We live so many actions that trail by us, lost in the time that they happened.  Did they occur, did we live them, were we really there?  A sound dies away and then it is gone, and although recording can make it emerge again, it's movement, it's ephemerality, are what defines it.  So difficult to capture.  Where are our thoughts when we are cutting vegetables, taking a shower?  There and gone.  What is a thought?  From where does it come and where does it go?

I watched myself doing forms yesterday, played alone in a large hall, and felt a want of presence.
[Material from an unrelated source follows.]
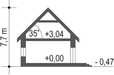 Graficzne opracowanie rzutów poglądowych widocznych na karcie projektu zostało wykonane przez Extradom.pl. Prezentowane przez Extradom.pl wizualizacje wykonane zostały przez autora projektu i należy poczytywać je jedynie za przykład i propozycję wykończenia, wizję architektoniczną autora projektu. Ostateczne wykończenie budynku może nastąpić na wiele sposobów. Szczegółowe rozwiązania zastosowane w oferowanej dokumentacji - w tym również ilość, lokalizacje i wygląd okien, drzwi, kominów - mogą w niewielkim stopniu różnić się od prezentowanej wizualizacji budynku.
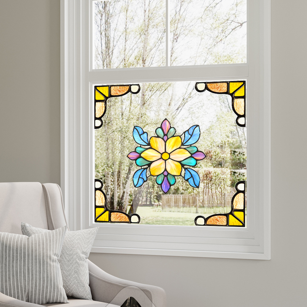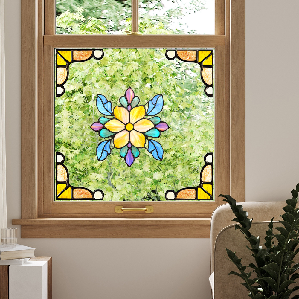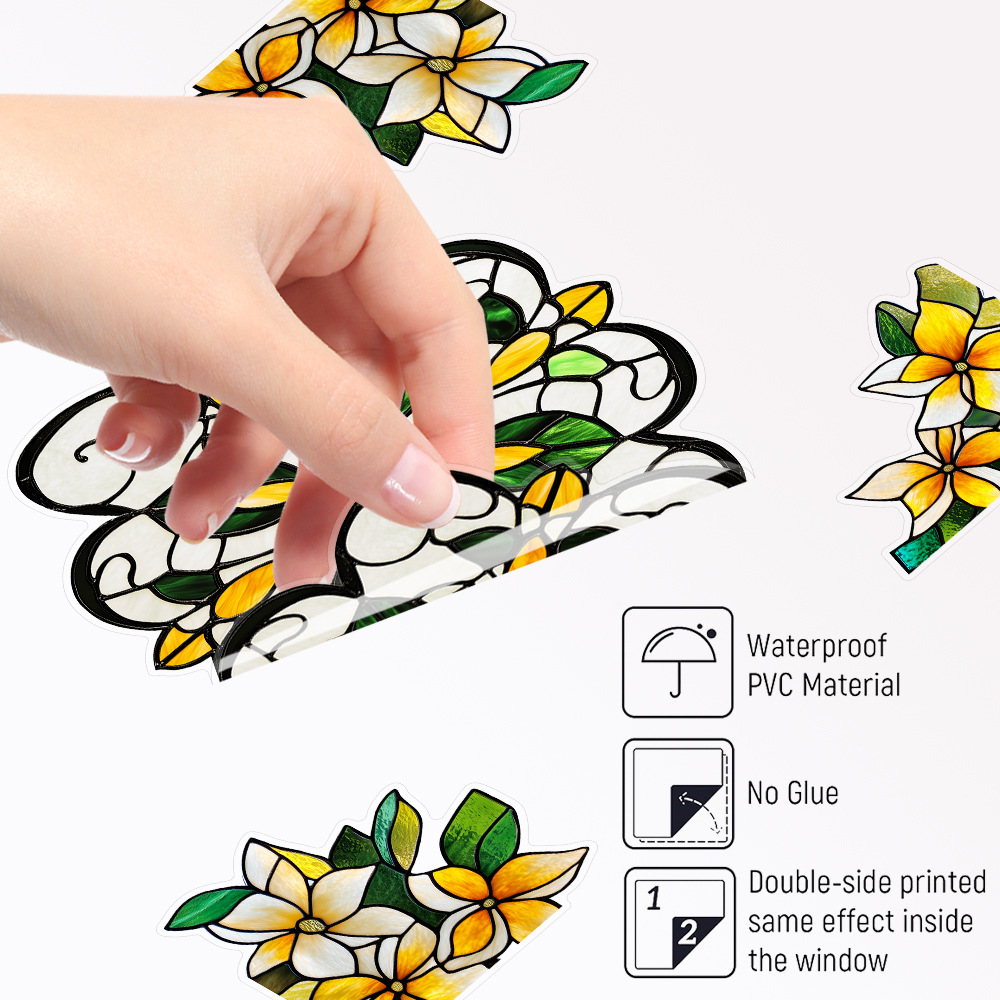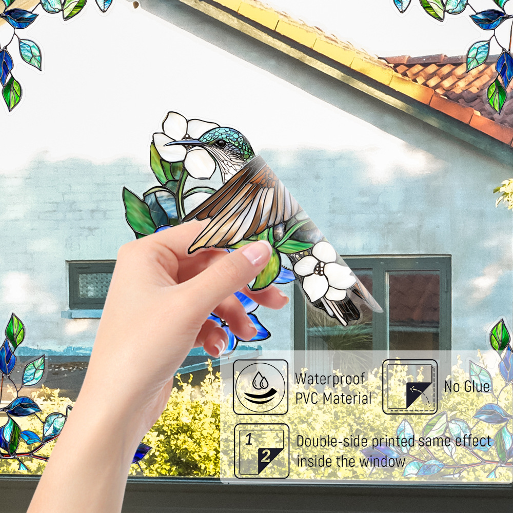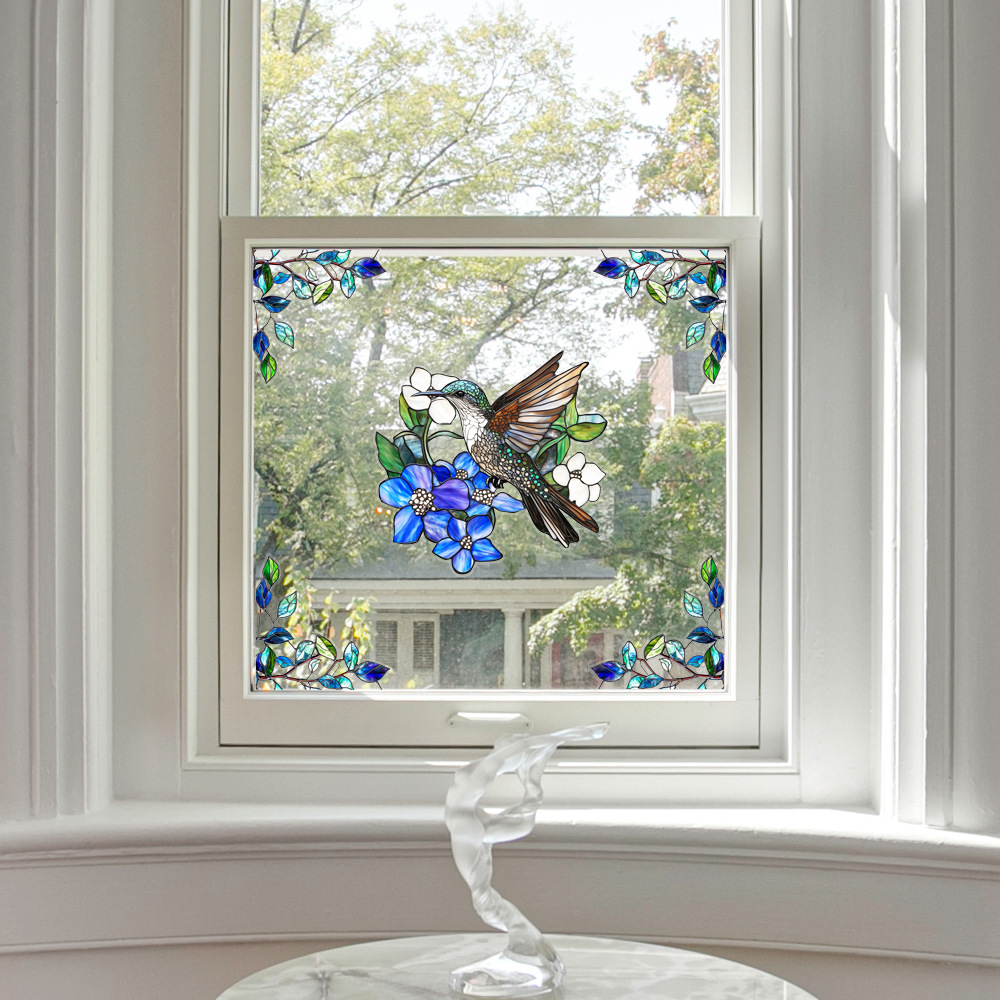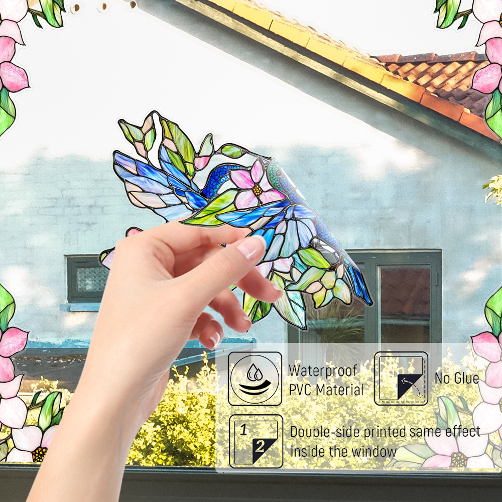 CBCJD301-320 양면 컬러 코너 꽃 정전기 유리 스티커 새 충돌 방지 PVC 경고 창 필름스토어 가기

The kanji for wind took a lot of work this morning.  There is an enclosure in it that frames the rest, straight lines in several directions with different types of starts and stops, some never stopping.  I spent a long time studying it, looking at the movement on the page that Sensei had created, practicing the stroke order and spacing with a pencil, experiencing it with a brush, and then looking back on it.  Over and over, practicing presence, practicing time.  There's something religious in it, untouchable, mysterious, yet more familiar than one's self.

Top left and one below it (in orange) are Sensei's.
The top kanji of the orange one is "kaze" for "wind;"
together with the one on the bottom ("aji" for "taste"), the meaning is "flavor" (pronounced,  "fuumi").
The bottom four are the ones I showed to Sensei.
The top line set is pronounced "odoriko" which means "dancer."